PHOTOS: Warm Welcome to OBJ in Port Harcourt, as His Two-Day Visit to Rivers Starts

Ex- President Olusegun Obasanjo received a rousing welcome on February 17, 2014, Monday, when he landed at Port Harcourt International Airport, Omagwa, Rivers State.


He arrived at about 11.05 a.m. in a private jet for a two-day visit. As previously reported, its main aim is to commission some projects executed by the Governor of Rivers State, Chibuike Rotimi Amaechi, and his administration.

Governor Amaechi, his wife Judith, Senators and members of the state executive council welcomed OBJ personally.

Shortly, after the airport formalities were over, Obasanjo drove in a convoy with the Governor.

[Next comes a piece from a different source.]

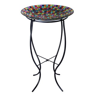 This 18-inch Red and Gold Mosaic Glass Birdbath has a solid metal stand. Made of glass and metal. Boasts hues of red and yellow.| Caractéristiques | |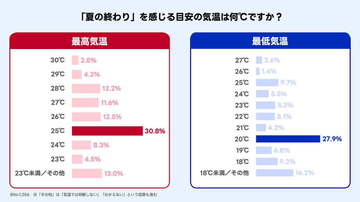 中でも目安となる気温については、「最高気温25℃」「最低気温20℃」を“夏の終わりライン”と感じる人が多いようです。

Members of the various communities, where Obasanjo would commission projects, lined up the routes of the convoy, causing heavy vehicular traffic.

Serious traffic jam was also nourished by tight security measures, as armed forces personnel and the police were deployed all over.

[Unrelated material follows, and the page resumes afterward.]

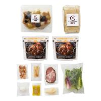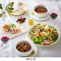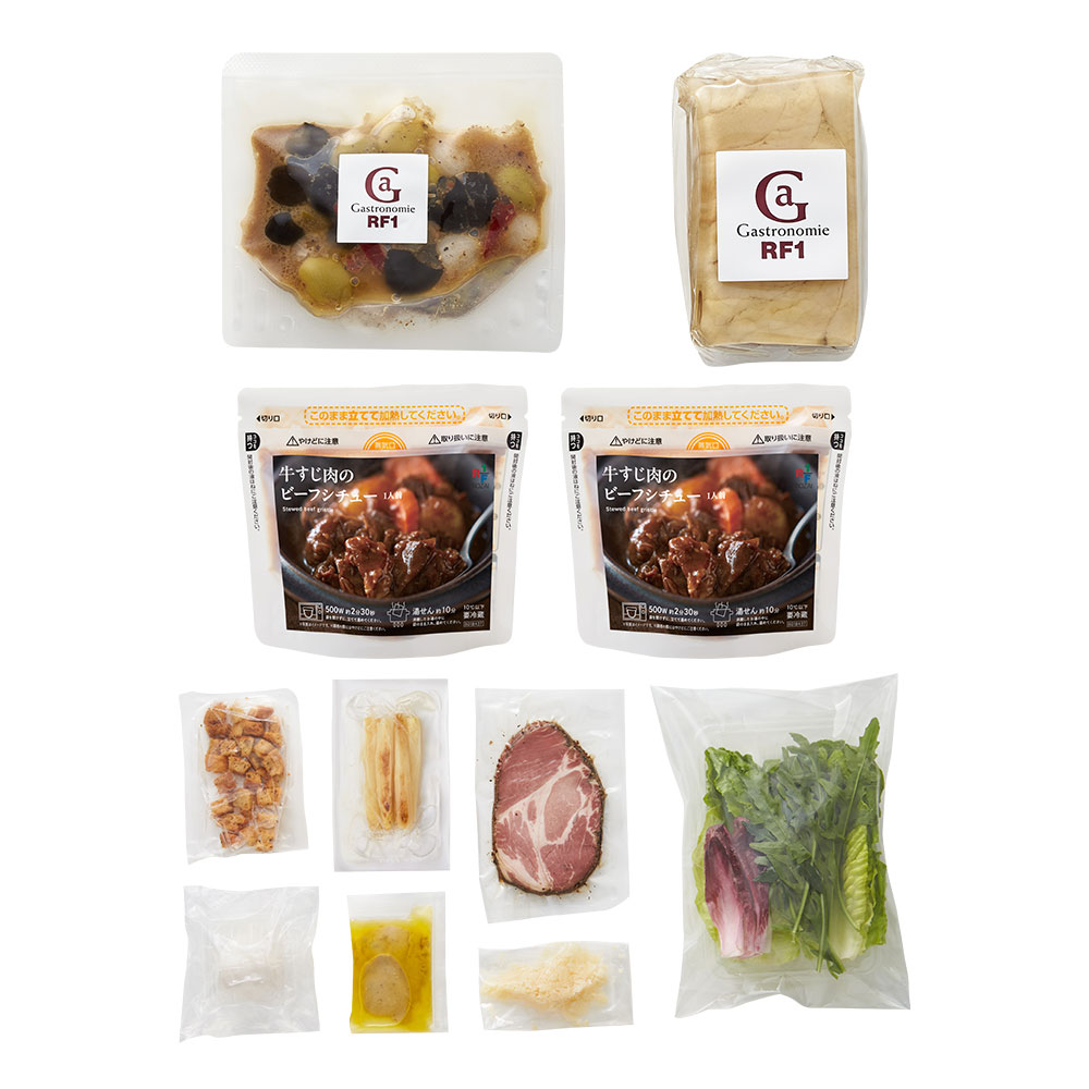 牛すじ肉のビーフシチュー1人前×2、自家製黒胡椒ハムとホワイトアスパラのシーザーサラダ、パテ・ド・カンパーニュ(100g)、オリーブ・アンチョビ(90g)×各1

The first road project Obasanjo commissioned was Chief G.U.Ake road,(Airforce Link road).

In addition to the Airforce bridge is the Eliozu bridge. The road is very vital because it eases traffic from Airforce base, Port Harcourt Aba Expressway and the late Ken Saro-Wiwa road to Rukpokwu, Rumuokoro, East-West road and Airport road.

Other projects to be commissioned include the popular Songhai Integrated Farm at Bunu-Tai, Ogoniland; Afam Power Station in Afam; Buguma Fish Farm and about 300 primary and secondary schools and health centres.

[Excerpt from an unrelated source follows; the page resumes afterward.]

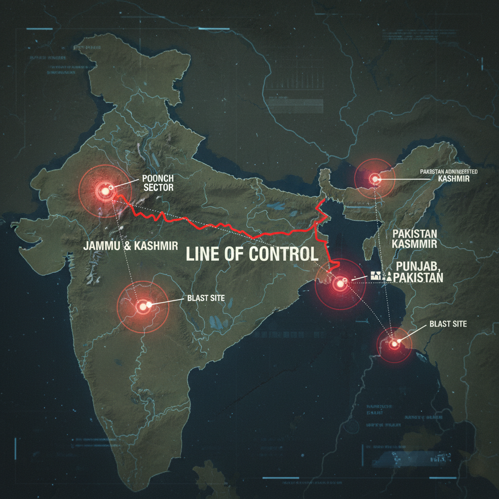 सूत्रों के अनुसार, पहला विस्फोट जम्मू-कश्मीर के पुंछ सेक्टर के पास एक दूरदराज के इलाके में हुआ। आतंकवादियों ने एक भारतीय सैन्य काफिले को निशाना बनाते हुए एक शक्तिशाली इम्प्रोवाइज्ड एक्सप्लोसिव डिवाइस (IED) में विस्फोट किया। यह हमला उस समय हुआ जब काफिला एक संकरे पहाड़ी रास्ते से गुजर रहा था।

It would be noted that Obasanjo was invited to commission the projects because during the Port Harcourt centenary celebration President Goodluck Jonathan was invited but he has never shown up.

Instead, President Jonathan sent one of his Special Advisers, Oronto Dauglas, not even a member of his cabinet, to represent him.

Former Head of State General Yakubu Gowon (retd) expressed regrets that Jonathan did not honour the invitation because he would have used the opportunity to broker peace between him and Amaechi.